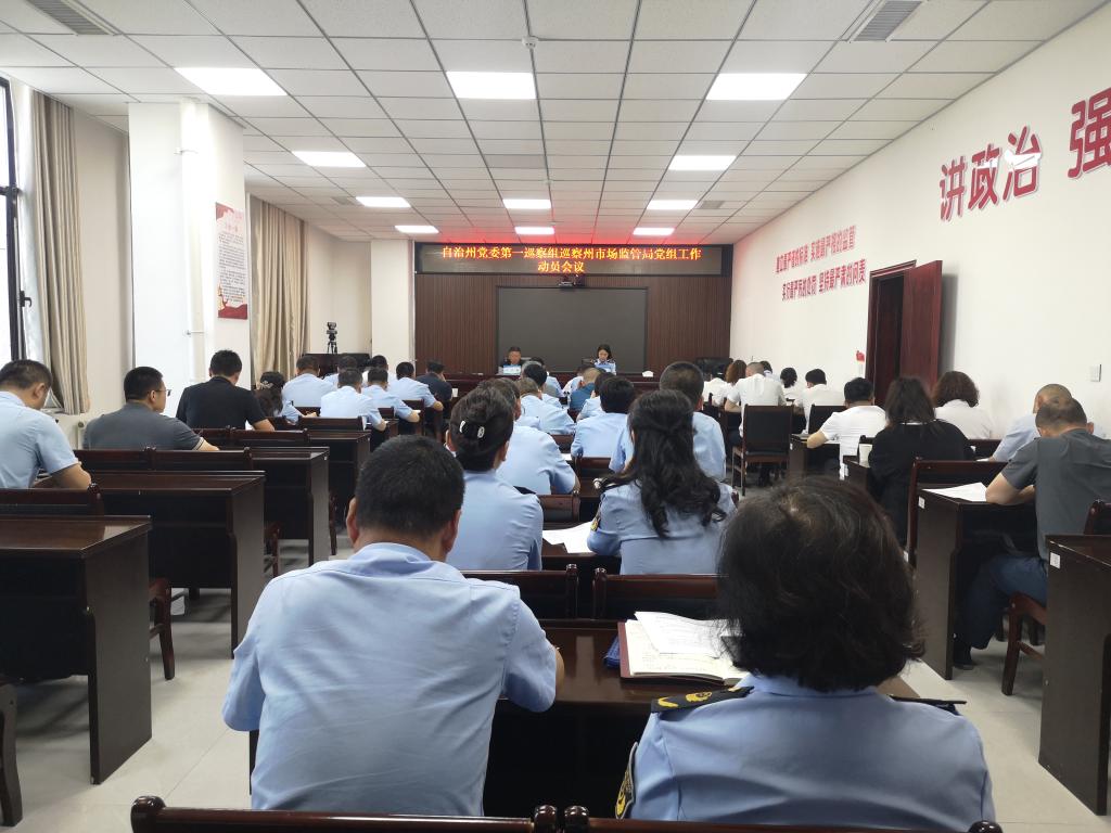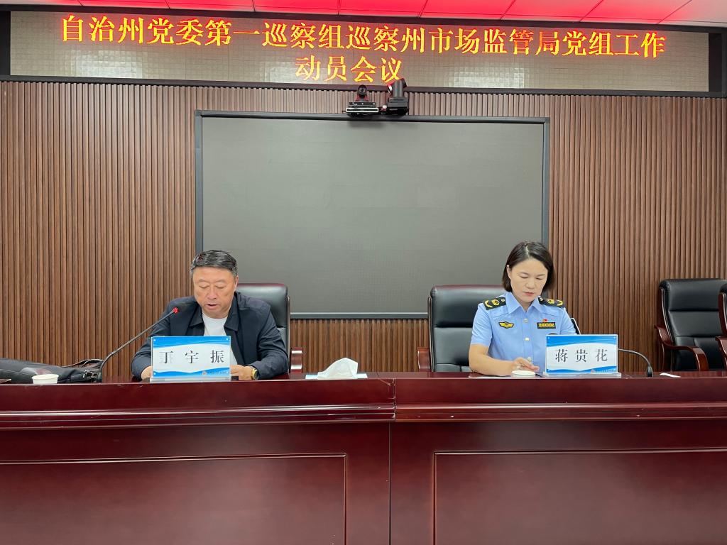 根据自治州党委巡察工作统一部署,2024年5月15日,自治州党委第一巡察组巡察自治州市场监督管理局党组工作动员会召开。会前,自治州党委第一巡察组组长丁宇振主持召开与自治州市场监督管理局党组班子成员见面沟通会,传达了自治州党委书记专题会议精神,通报了有关工作安排。动员会上,丁宇振同志作了动员讲话,对贯彻落实自治州党委第七轮常规巡察工作部署会精神、扎实做好巡察工作提出要求。自治州市场监管局党组书记蒋贵花主持会议并作表态发言。
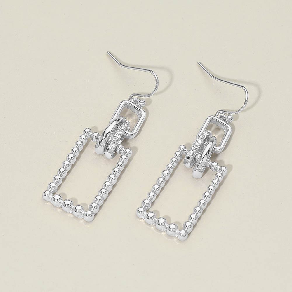 Details • Size : 0.75" X 1.8" • Fish Hook Back • Add modern dimension to your accessory assortment with these linked rectangle beaded drop earrings. Featuring layered geometric elements and delicate beaded detailing, this design creates eye-catching movement with a refined edge. Easy to style for both casual and elevated looks, these earrings offer a balanced silhouette that works well for everyday wear, special occasions, gifting, and trend-forward collections seeking versatile statement pieces. • Lead and Nickel Compliant
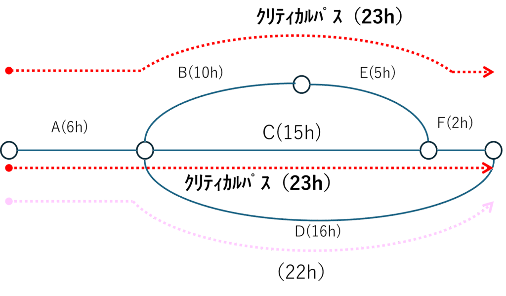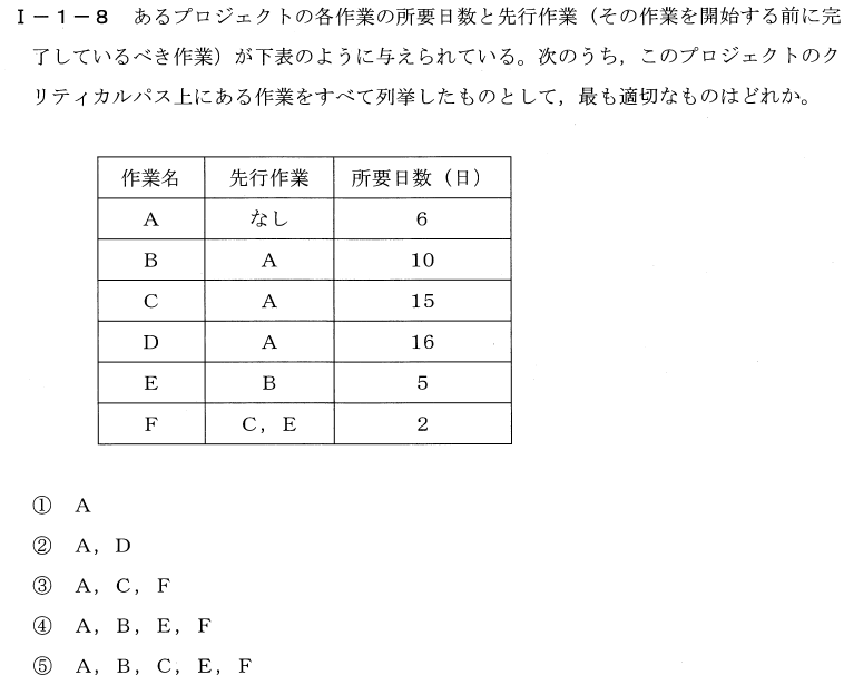 → 本問では A-B-E-F および A-C-F の2系統がクリティカルパス。

..........

## Your instructions
Could you write out the whole listing exactly, dropping the pictures?

## Result
 根据自治州党委巡察工作统一部署,2024年5月15日,自治州党委第一巡察组巡察自治州市场监督管理局党组工作动员会召开。会前,自治州党委第一巡察组组长丁宇振主持召开与自治州市场监督管理局党组班子成员见面沟通会,传达了自治州党委书记专题会议精神,通报了有关工作安排。动员会上,丁宇振同志作了动员讲话,对贯彻落实自治州党委第七轮常规巡察工作部署会精神、扎实做好巡察工作提出要求。自治州市场监管局党组书记蒋贵花主持会议并作表态发言。
 Details • Size : 0.75" X 1.8" • Fish Hook Back • Add modern dimension to your accessory assortment with these linked rectangle beaded drop earrings. Featuring layered geometric elements and delicate beaded detailing, this design creates eye-catching movement with a refined edge. Easy to style for both casual and elevated looks, these earrings offer a balanced silhouette that works well for everyday wear, special occasions, gifting, and trend-forward collections seeking versatile statement pieces. • Lead and Nickel Compliant
 → 本問では A-B-E-F および A-C-F の2系統がクリティカルパス。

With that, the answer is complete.